# 212 Predator Adjustable Carb Project



## Waterlooboy2hp (Nov 29, 2011)

After reading lots of things on the internet, about re-jetting 212cc engines for running in cold weather, I thought, why not open up the stock .028 HS jet and make it adjustable. 

One thing puzzles me. A 212cc Predator, with a stock .028 jet, runs fine in warm weather (above 40 degrees). The only change, seems to be the introduction of winters cold air into the carb. It seems that the idea of a heat box would solve the problem, without changing to an increased jet size.

Getting warm air to the carb might be the answer. I am working on a prototype to do just that, without the use of a heat box. In the meantime, I thought that being able to fine tune the high speed jet, might be a good idea also.

I bought this carb to test my idea. It already has the adjustable low speed jet.









====================================

I got an M8 x 1 bolt, so I could match the threads on the bowl nut. I dug through my old carb parts and found a needle assembly, that I could adapt with the fiber washer seal.









==========================================

On my lathe, I turned the needle assembly threads down to .200, to be silvered into the hole, that I drilled part way in the head of the M8 bolt. Then drilled a clearance hole (.136), the rest of the way through for the needle.









==========================================

Once I had it silver soldered, I tested it in the carb and found that the needle was not quite reaching the jet.

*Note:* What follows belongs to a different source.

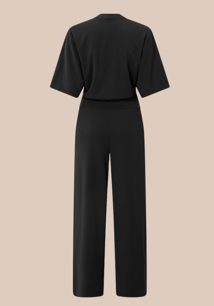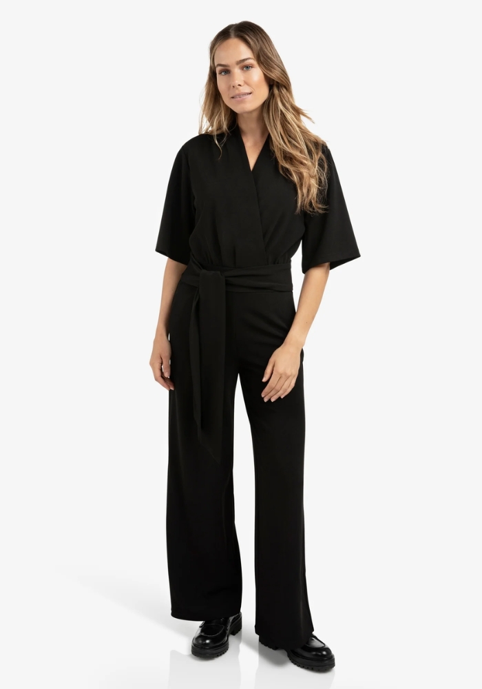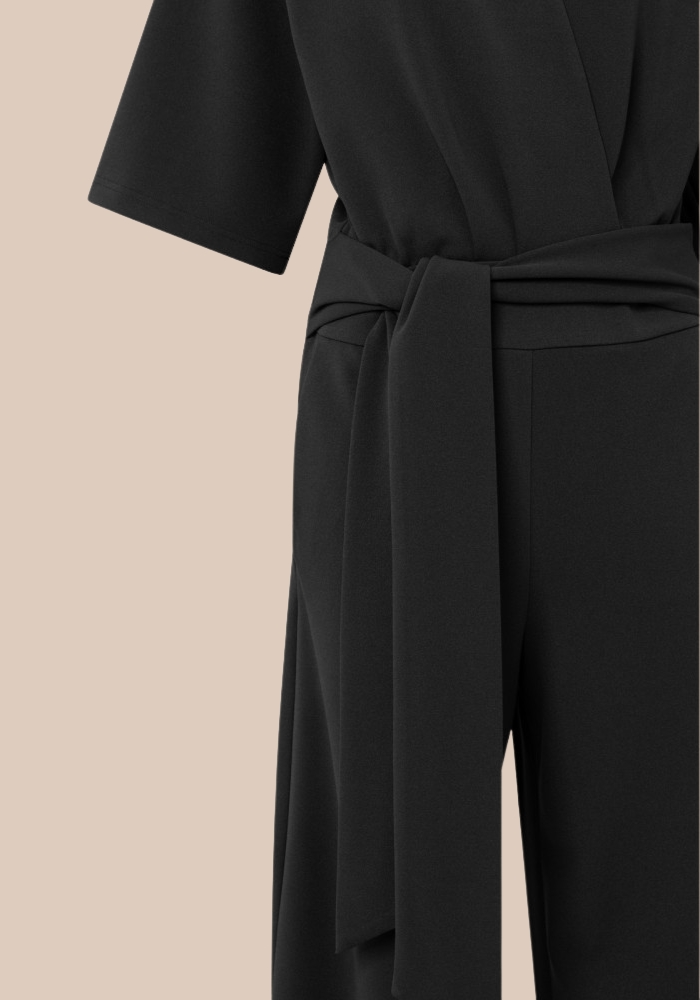 yaya 01-349023-511 Jersey jumpsuit met korte mouwen en strikceintuur zwart

Had to thin out the bolt head, from the bottom. 









=====================================

The completed set-up came out fine. 









======================================

The HS jets seem to run from the stock .028, all the way up to .048. Not sure how much I should drill out the HS jet to. I guess I could go all the way to .048, as the adjustment will cover all of them.

Just put a 212cc on my Jake 626, and will test this carb on it this week. -- John


----------



## dbert (Aug 25, 2013)

John
I love your work. I knew before I opened your thread I was going to be impressed.


----------



## SlowRider22 (Oct 17, 2013)

Outstanding!
Once you fine tune everything, you'll have a great product. Start selling them to all the folks who have a predator engine.
Let us know how things work out


----------



## Waterlooboy2hp (Nov 29, 2011)

Waterlooboy2hp said:


> After reading lots of things on the internet, about re-jetting 212cc engines for running in cold weather, I thought, why not open up the stock .028 HS jet and make it adjustable.
> 
> One thing puzzles me. A 212cc Predator, with a stock .028 jet, runs fine in warm weather (above 40 degrees). The only change, seems to be the introduction of winters cold air into the carb. It seems that the idea of a heat box would solve the problem, without changing to an increased jet size.
> 
> ...


======================================
I ended up using a #56 drill (.0465) to open up the HS jet seat. I got time today to go ahead and install the new carb, with adjustable high and low speed jets. 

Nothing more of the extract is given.